According the company’s 2007 annual report, indications for GEM-OS2 will be bone augmentation for osteoporosis and injected as a prophylactic treatment. After kyphoplasty or vertebroplasty, GEM-OS2 is a candidate for percutaneous injection into the adjacent level vertebrae.

Regulatory Status

Augment Injectable Bone Graft as indicated for the spine is currently in pre-clinical studies.

Sintea Biotech’s SPIDER

Leave the cannoli, bring the spine implant. We are traveling to Milano, Italy, where Sintea Biotech is located. Sintea operates in both the spine and trauma areas of orthopedics. The company’s spine portfolio includes anterior cervical plates, cages, lumbar fusion instrumentation, and occipital-cervical fixation devices.

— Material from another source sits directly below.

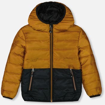 Little Boy s Colorblock Quilted Mid-Season Jacket Brown And Black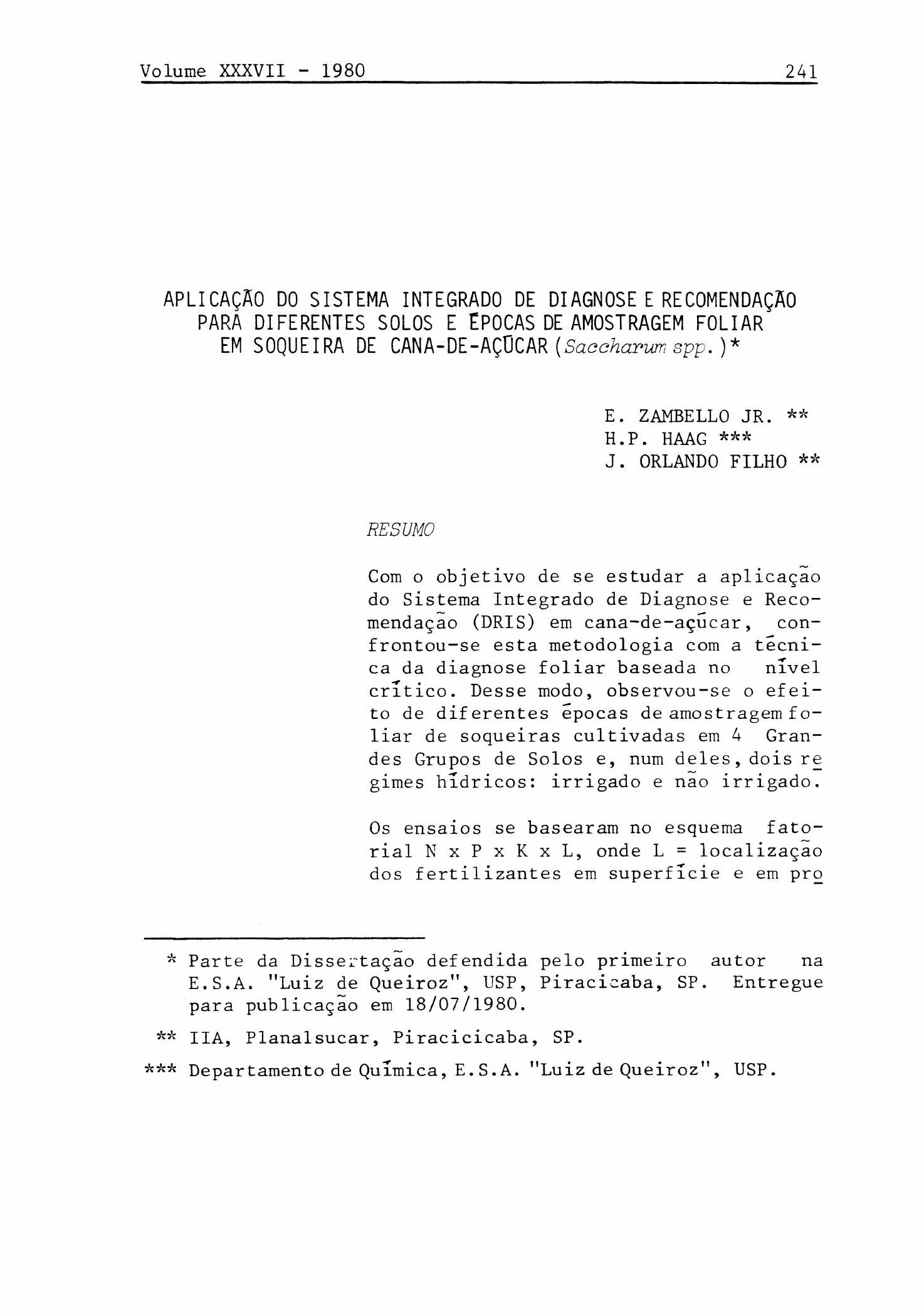 ZAMBELLO JR.; ORLANDO F?, J., 1977. Diagnose foliar em so¬

However, for our purposes, we are concerned with Sintea’s Spider as it is related to treating vertebral compression fractures. This device allows for controlled expansion/distraction inside the vertebra. The device is intended for use in the thoracic and lumbar spine for vertebral compression fractures caused by osteoporosis and metastatic tumors.

Regulatory Status

OUS: The device has received the European Union’s CE mark.

U.S.: In June 2008, the device was FDA approved via the 510k pathway.

VCF Treatment Moving Forward

We hear about potentially disruptive technologies and how they are going to be game changers. Often, they either take a decade longer than anticipated to make an impact, or make no impact at all. What makes the technologies above so interesting is that they are going to hit the market soon or are already approved. So the question is not if, but when. In our assessment, we were careful to look at the regulatory status of the technologies mentioned.

Here are potential trends in these devices.

• A movement toward devices that allow for controlled/adjustable height restoration
• A focus on devices that decrease the potential for cement leakage
• A trend toward adopting technologies that can be offered at a discount to kyphoplasty
• Devices that allow for increased control over cement viscosity and lower-pressure injection
• Devices that maintain vertebral height while cement cures preventing further damage to the vertebral body

Here are potential trends we see involving prophylactic treatments focused on preventing subsequent or initial osteoporotic fractures.

• Orthopedic companies may collaborate with pharmaceutical companies that have prophylactic treatments, decreasing the risk of subsequent or adjacent level fractures
• Products such as Amgen’s denosumab could literally decrease the incidence of osteoporosis related fractures
• A focus on preventative medicine and prophylactic treatments could shift former fracture repair related revenues to pharma/biotech companies

Our thesis remains: companies developing innovative treatments to treat compression fractures should know that VCF still stands for Very Compelling Future!